Thieves (Ladrones)

Romance and rebellion tango in this 2007 Spanish film, screening at La Mirada in Melbourne, in 2008.
A foreboding movement from Gorecki’s Symphony of Sorrowful Songs sets the scene, under the credits of Ladrones (Thieves), during which we see a young Romanian gypsy boy with his mother, cruising trains for targets to pickpocket.
Cut to several years hence, and the boy, who has spent the intervening years institutionalised and separated from his mother, has managed to track her down to a shabby rooming house. However, behind on her rent, she has fled. Will she return? Will he be reconciled with her? Can he handle what he finds out about her, and himself along the way?
His mother has taught him well: he’s wiley and can take care of himself. But his thieving ways have become habitual to the point of compulsion, and he appears to have no normal attachments to other people. Indeed, his connection with a young college student is brought about by petty crime.
So begins a relationship in which the two engage in crime. His teaching her, is his way of seducing her, presumably because he’s had little in the way of induction into the normal ways of forging relationships with others.
This film has been described as a crime genre film, which is quite inaccurate, in this viewer’s opinion. The criminal folie a deux is a theme that has been explored in more gritty detail in films such as Kalifornia, Bonnie and Clyde and Terrence Malick’s unsettling but brilliant Badlands. By comparison, Ladrones is a pretty, poetic and romantic depiction, perhaps because the crimes are relatively mild.

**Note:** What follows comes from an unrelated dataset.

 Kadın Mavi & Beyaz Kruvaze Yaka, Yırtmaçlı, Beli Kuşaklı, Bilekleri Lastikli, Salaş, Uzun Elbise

Crime is what brings the two main characters together, and provides the basis upon which their relationship develops. That we don’t discover the young man’s name, suggests that this is an exploration of identity and belonging. That may be so, though as such, it’s not entirely convincing.

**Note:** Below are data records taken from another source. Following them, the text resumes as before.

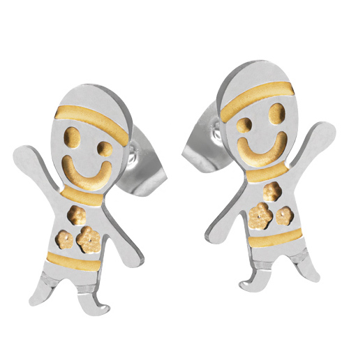 STAINLESS STEEL EARRING IN SMILING KID SHAPE IN IPG TWO TONE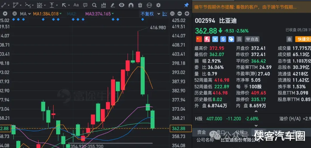 在魏建军说了汽车圈的恒大已经存在,只是没有暴雷的几天后,比亚迪股价连跌三天,4天前每股股价还416元/股,今天收盘只剩363元/股。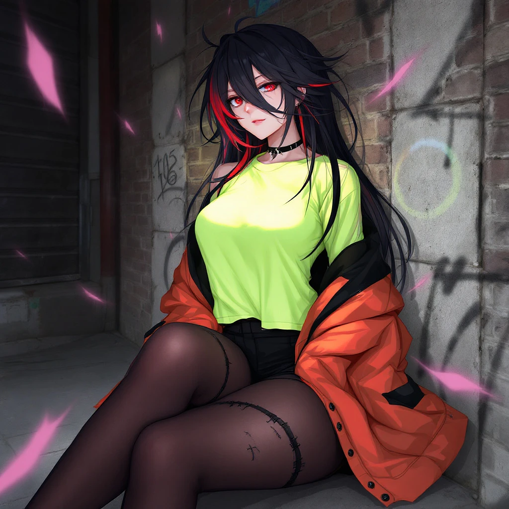 female, (masterpiece:1. 2) , ( best quality:1. 1) , 1girl, thick thighs:1. 8, black pantyhose:1. 2, intricate details, chromatic aberration, 1girl, long hair, black hair, messy hair, red highlights, hair over one eye, red eyes, sharp eyes, choker, neon shirt, torn legwear, open jacket, against wall, brick wall, graffiti, dim lighting, alley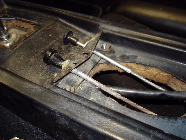 - Two nuts holding the choke and heater pull knob bracket (hold a 7/16" wrench on the bolt head in the tunnel).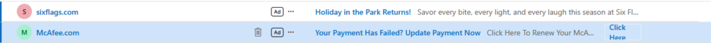 Why would a McAfee Ad be “Your Payment Has Failed?” instead of “World’s Most Installed Security Software!”? It would not be surprising to find that the Ad links to a “McAfee” scam website that “checks” your subscription payment, lets you know it “failed”, and offers to let you “renew” right then and there. So “helpful”!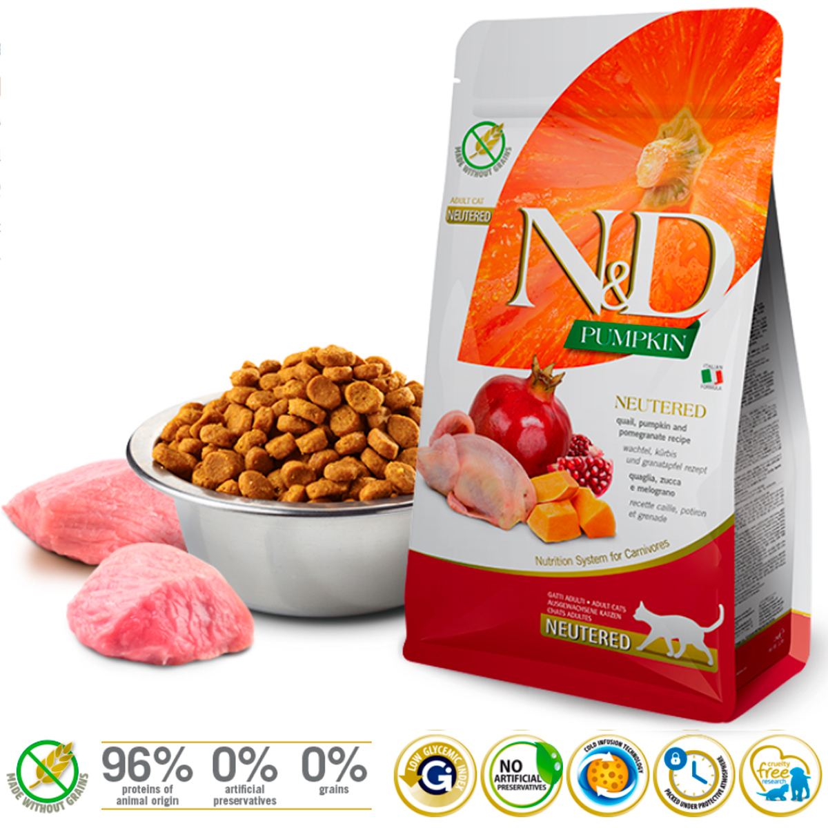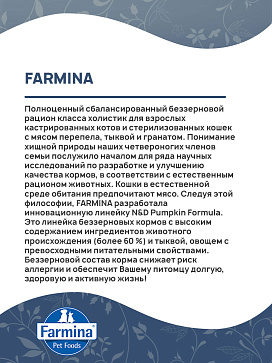 Понимание хищной природы наших четвероногих членов семьи послужило началом для ряда научных исследований по разработке и улучшению качества кормов, в соответствии с естественным рационом животных. Кошки в естественной среде обитания предпочитают мясо. Следуя этой философии, FARMINA разработала инновационную линейку N&D Pumpkin Formula. Это линейка беззерновых кормов с высоким содержанием ингредиентов животного происхождения (более 60 %) и тыквой, овощем с превосходными питательными свойствами.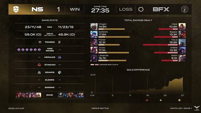 BNK는 바텀 다이브로 3킬을 따냈지만, 이미 미드와 탑은 라인 관리가 되지 않는 상황이라 이득이라고 보긴 어려웠다. 농심은 빠른 시야 장악으로 아타칸까지 사냥한 뒤 오공과 뽀삐를 잡고 21분에 탑 억제기까지 파괴했다. 이후에도 농심은 안정적으로 스노우볼을 잘 굴려 바론을 미끼로 최후 한타까지 승리해 먼저 1승을 차지했다.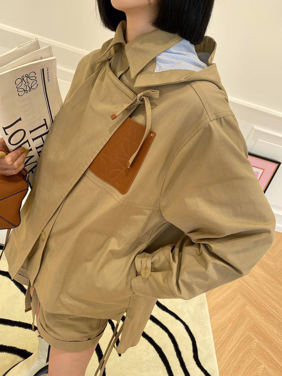 Легкость и комфорт — вот что отличает эту ветровку от Loewe. Она идеально подходит для весенних и осенних прогулок, когда хочется выглядеть стильно и при этом чувствовать себя уютно. Уникальная текстура ткани и продуманные детали делают эту куртку настоящим произведением искусства. Каждая деталь, от застежек до карманов, продумана до мелочей, что подчеркивает высокие стандарты качества, присущие бренду. Элегантный крой позволяет сочетать ветровку с различными элементами гардероба, будь то романтичное платье или классические джинсы, создавая бесконечные варианты для стильных образов.
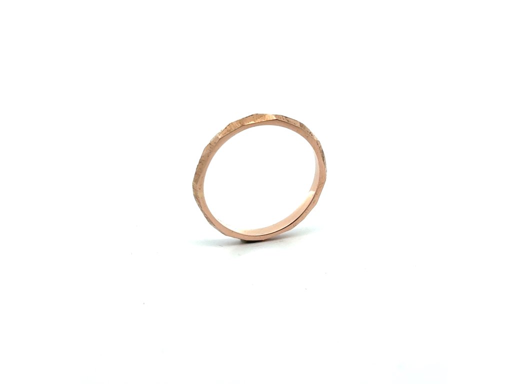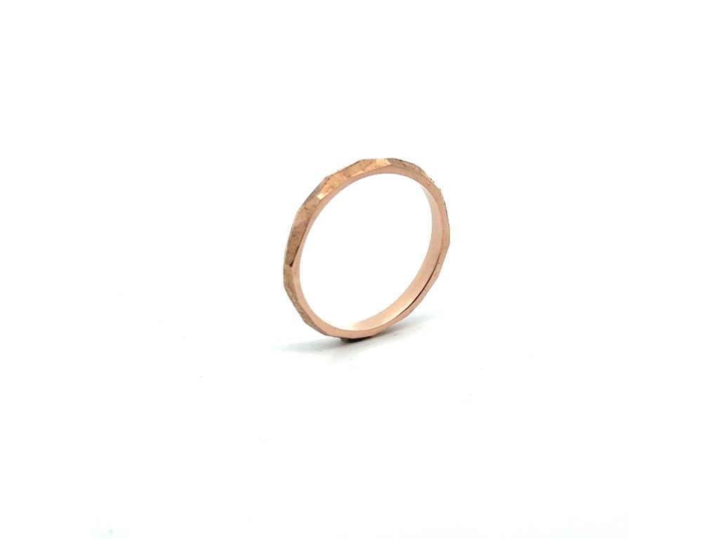 Tento snubní prsten z růžového zlata vznikl v rukou zlatníka, který mu vtiskl tvar, cit a osobnost. Každá ploška, každý lom světla vznikal poctivou ruční prací - pomalu, krok za krokem.

Unravel the plot device, and this film turns out to be mostly an adolescent romance. A very pleasant one, though, provided you don’t expect the film to be as edgy as the opening credits suggest. And if the film is supposed to address the themes of identity and belonging, then perhaps it’s fitting that it uses romance as its vehicle, for isn’t that what helps adolescents discover just who they are?